Step 2: Three Parallel Agents Scan Your Codebase
Once you select the audit depth, OrchestKit spawns three agents simultaneously:
/ork:verify --scope=security (Deep audit)
|
| Spawning 3 parallel agents...
|
+---> security-auditor (model: opus) ──────────────────────┐
| Skills injected: |
| owasp-top-10 |
| defense-in-depth |
| auth-patterns |
| input-validation |
| llm-safety-patterns |
| security-scanning |
| mcp-security-hardening |
| Tasks: |
| 1. Run bandit -r app/ for Python vulnerabilities |
| 2. Run npm audit / pip-audit for dependency CVEs |
| 3. Grep for hardcoded secrets and API keys |
| 4. Check OWASP Top 10 mitigations per endpoint |
| 5. Validate JWT handling and session security |
| |
+---> code-quality-reviewer ───────────────────────────────┐|
| Skills injected: ||
| code-review-playbook ||
| clean-architecture ||
| Tasks: ||
| 1. Identify unsafe patterns (eval, exec, pickle) ||
| 2. Check for complexity that hides vulnerabilities||
| 3. Flag functions missing error handling ||
| ||
+---> debug-investigator ──────────────────────────────────┐||
Skills injected: |||
input-validation |||
Tasks: |||
1. Trace user input from request to database |||
2. Map data flow for injection points |||
3. Identify unvalidated boundaries |||
|||
<------------ Results merged <------------------------------+++All three agents work simultaneously on your codebase. The security-auditor runs automated tools (bandit, pip-audit, npm audit). The code-quality-reviewer analyzes code patterns. The debug-investigator traces data flow from request input to storage to find gaps the automated tools miss.

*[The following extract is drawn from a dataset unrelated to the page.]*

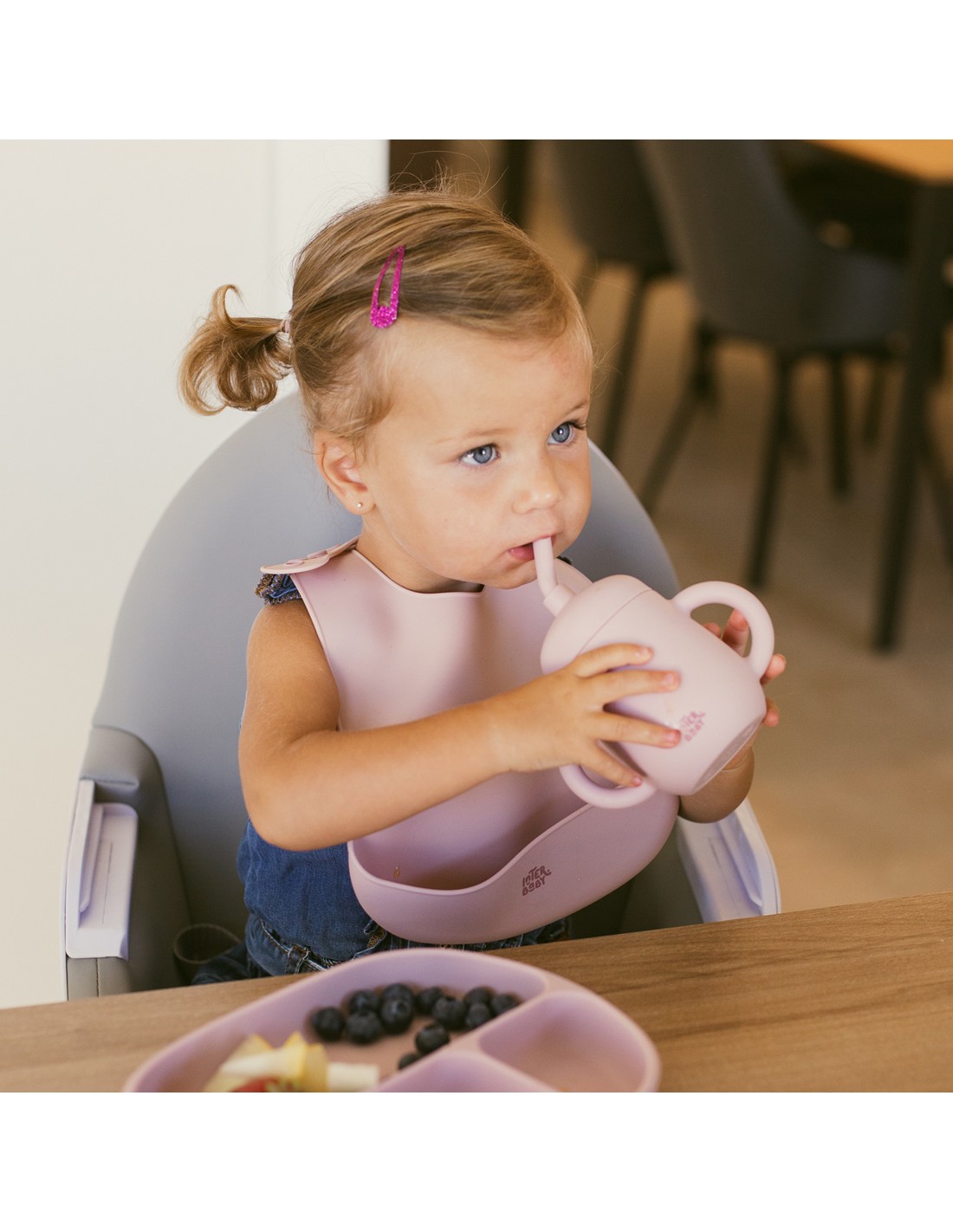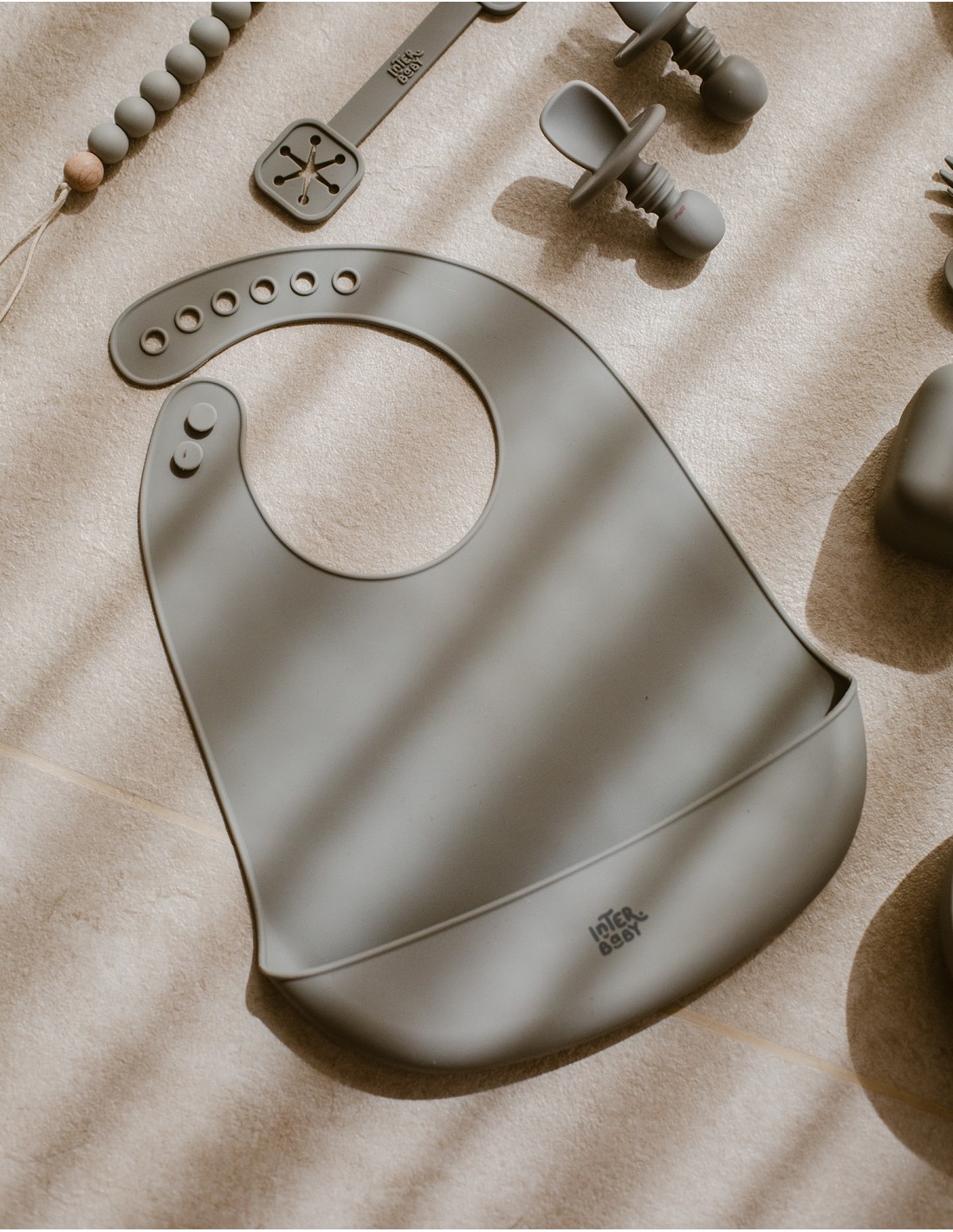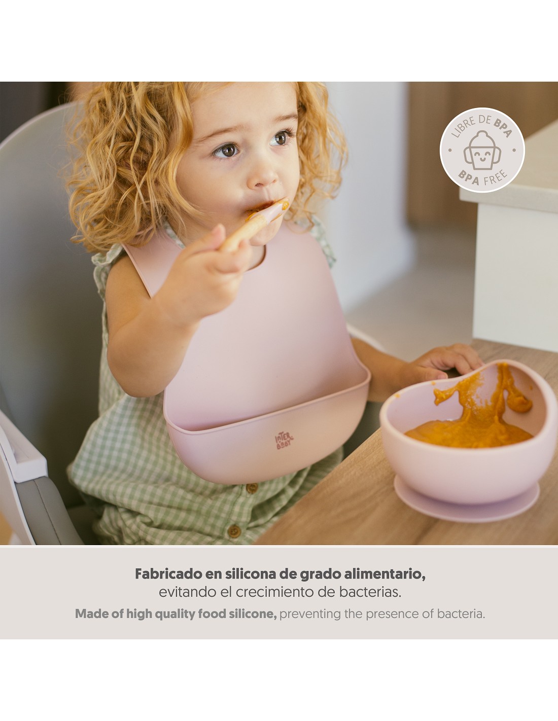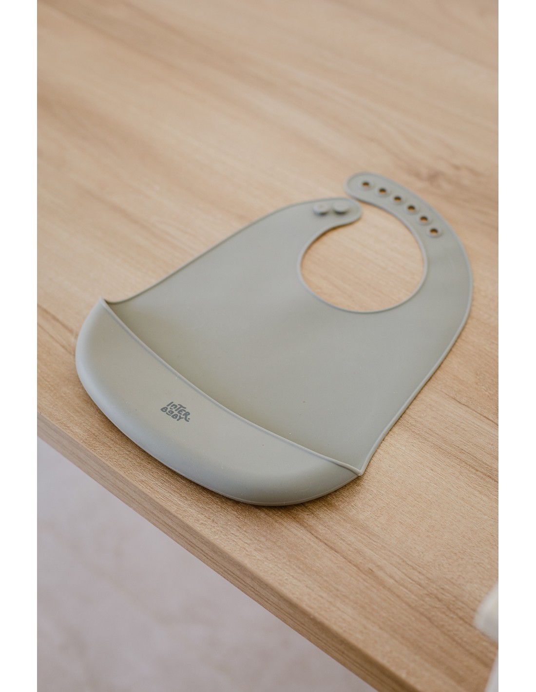 Babero de silicona alimentaria de alta calidad que incorpora un bolsillo recogemigas, perfecto para proteger la ropa de tu bebé. Flexible y se puede doblar fácilmente para reducir el espacio de almacenaje. Apto para lavavajillas. Libre de BPA, PVC y ftalatos.

The security-auditor agent uses parallel tool calls internally. It runs bandit -r backend/, pip-audit, npm audit, and secret-pattern grep all at the same time -- cutting scan time by roughly 60% compared to sequential execution.
Step 3: Review the Security Scorecard
After all agents complete (typically 2-10 minutes depending on codebase size and audit depth), OrchestKit synthesizes findings into a graded scorecard:
Security Audit Results
===========================================================
Layer 1 — Edge: 7/10 Rate limiting missing on 3 endpoints
Layer 2 — Transport: 9/10 HSTS configured, TLS 1.3 enforced
Layer 3 — Authentication: 6/10 1 P0: JWT secret too short (32 chars)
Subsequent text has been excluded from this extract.